Title: Bandgaps of Anthracene Based SAMs
Post by: Mohammed on February 25, 2019, 15:32

Hello All,

I would like a second opinion on some band gap analysis I carried out on 3 different types of Anthracene based SAMs. Their illustrations are attached ("SAMs.png"). I also investigated packed versions of the A2- & A3mono (i.e. with an overlap at the side chains). The band gap analysis was done both in standalone and on a substrate configurations ("Standalone.pdf" and "On Substrate.pdf"). One would expect with the increased conjugation, the band gap would decrease. And indeed this is the case either in gas phase or on substrate. But what puzzles me a bit, is the rather significant decrease in the gap in the case of the A3mono (either single or packed). To double check the MES anaylsis, I also did a PDOS simulaiton which returned more or less the same results

A second opinon on why the large decrease is observed would be greatly appreciated. Thank You!

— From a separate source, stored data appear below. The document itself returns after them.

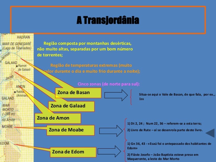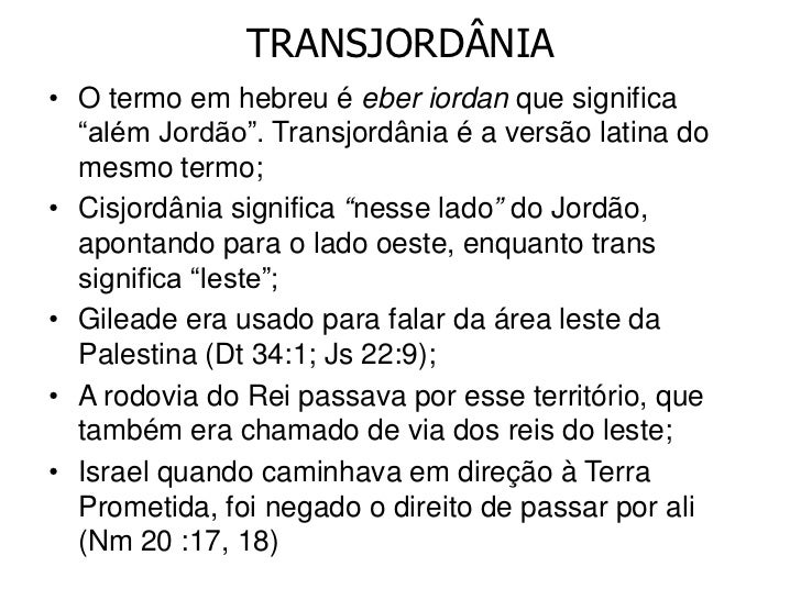57. 57. TRANSJORDÂNIA• O termo em hebreu é eber iordan que significa “além Jordão”. Transjordânia é a versão latina do mesmo termo;• Cisjordânia significa “nesse lado” do Jordão, apontando para o lado oeste, enquanto trans significa “leste”;• Gileade era usado para falar da área leste da Palestina (Dt 34:1; Js 22:9);• A rodovia do Rei passava por esse território, que também era chamado de via dos reis do leste;• Israel quando caminhava em direção à Terra Prometida, foi negado o direito de passar por ali (Nm 20 :17, 18)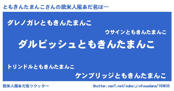 | 男性向けラノベタイトル風あだ名 | 『ともきんたまんこという概念が存在しない退屈な世界 』 |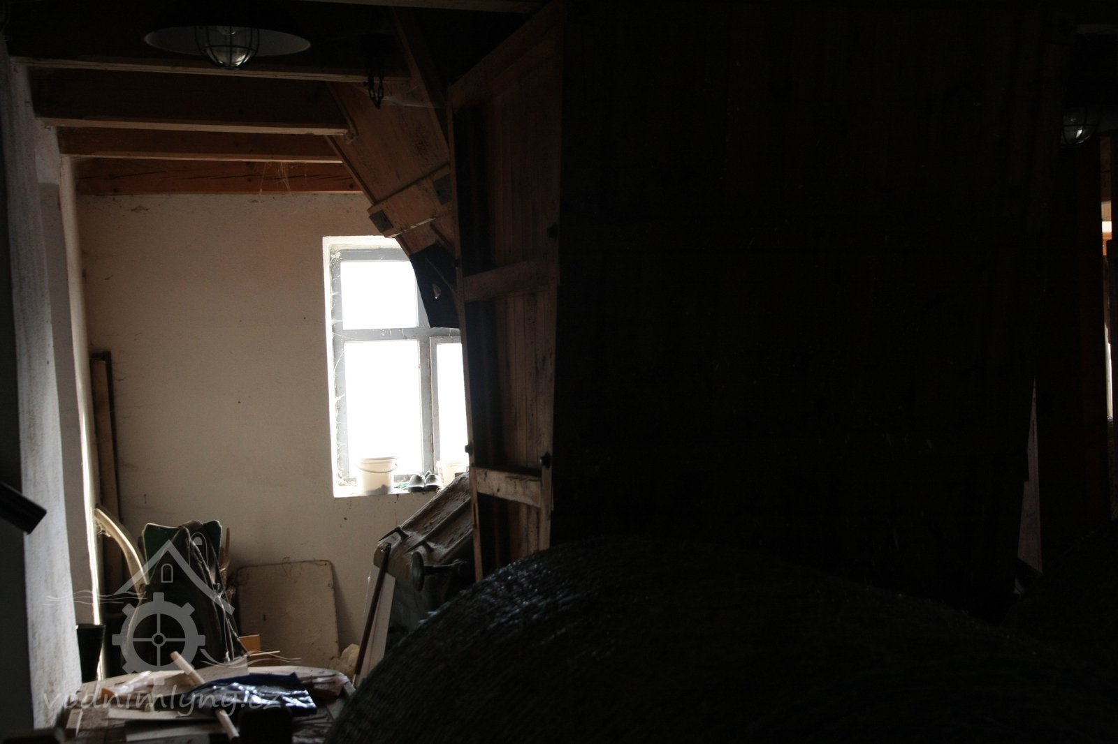 Detail řemenice v podstřeší, 2014, © Šimek, (Prvky na obrázku: transmise, řemenice, převody)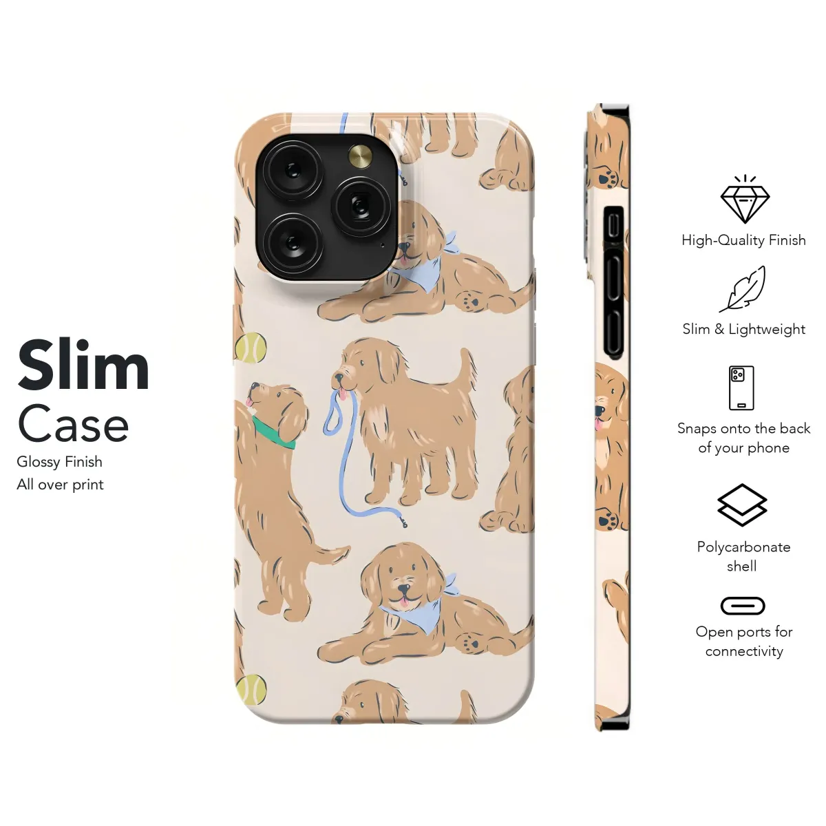 This adorable Golden Retriever print is perfect for adding a touch of puppy love to your everyday life! Featuring a playful pattern of cute, cartoon-style Goldens in various poses – some sitting pretty with their tongues out, others ready for a walk with leashes, and a few even striking a pose with their favorite tennis balls. This delightful design captures the joyful spirit of these beloved dogs. Ideal for dog lovers, Golden Retriever enthusiasts, and anyone looking to add a touch of whimsy to their accessories. The soft, neutral background makes this a versatile design that will complement any style. Express your love for furry friends with this charming and fun-loving puppy pattern design. Perfect for those who appreciate dog art and want to showcase their passion for canine companions. This playful and cute design captures the essence of puppy love.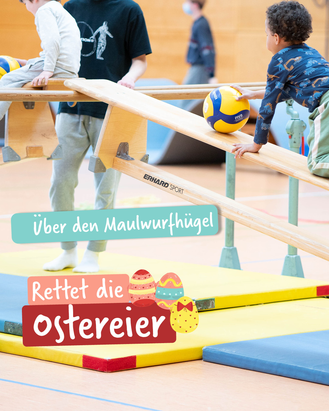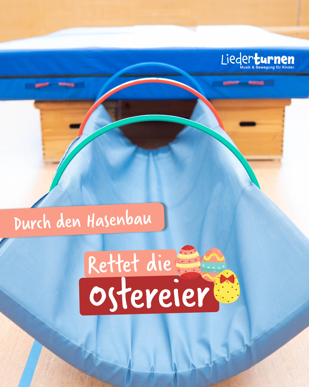 „Der starke Sturm weht alle Eier aus dem Korb und sie kullern den Wiesenhügel hinab. Schnell ihr Osterhasen, wir müssen die Ostereier retten!“ (Der/die ÜL räumt immer wieder die Bälle aus dem Kasten und lässt sie durch den Raum rollen, während die Kinder die Bälle wieder zurückbringen.)

Title: Re: Bandgaps of Anthracene Based SAMs
Post by: Petr Khomyakov on February 26, 2019, 11:34

It would be helpful if you explain in more detail on why you are expecting narrowing the HOMO-LUMO gap in all the cases of the increased conjugation. That might be the key for understanding the issue. It could also be instructive to see your scripts for the "trouble" calculations.

Title: Re: Bandgaps of Anthracene Based SAMs
Post by: Mohammed on February 26, 2019, 12:50

Apologies if I wasn't entirely clear. In terms of conjugation, I was refering to the single A1, A2, and A3mono. The addition of the lateral substituent groups (and their size) would lead to slightly smaller band gaps, which is rightly observed. This might not be the case comparing the "packed" configurations with their single counterparts, as there will be energy level splitting (this also has been observed for 2 ,3, and 4 adjacent molecules). I was interested to include the packed configuraitons in my analysis because when I move towards the "on substrate" anaylsis including boundary conditions, I try to mimic a thin film of SAMs (eventhough the nature of the overlap isn't exactly known!!).

On the substrate I am a bit puzzled by why the A3 massively decreased comparing it to the A2 and A1 (either in a single or packed configuration).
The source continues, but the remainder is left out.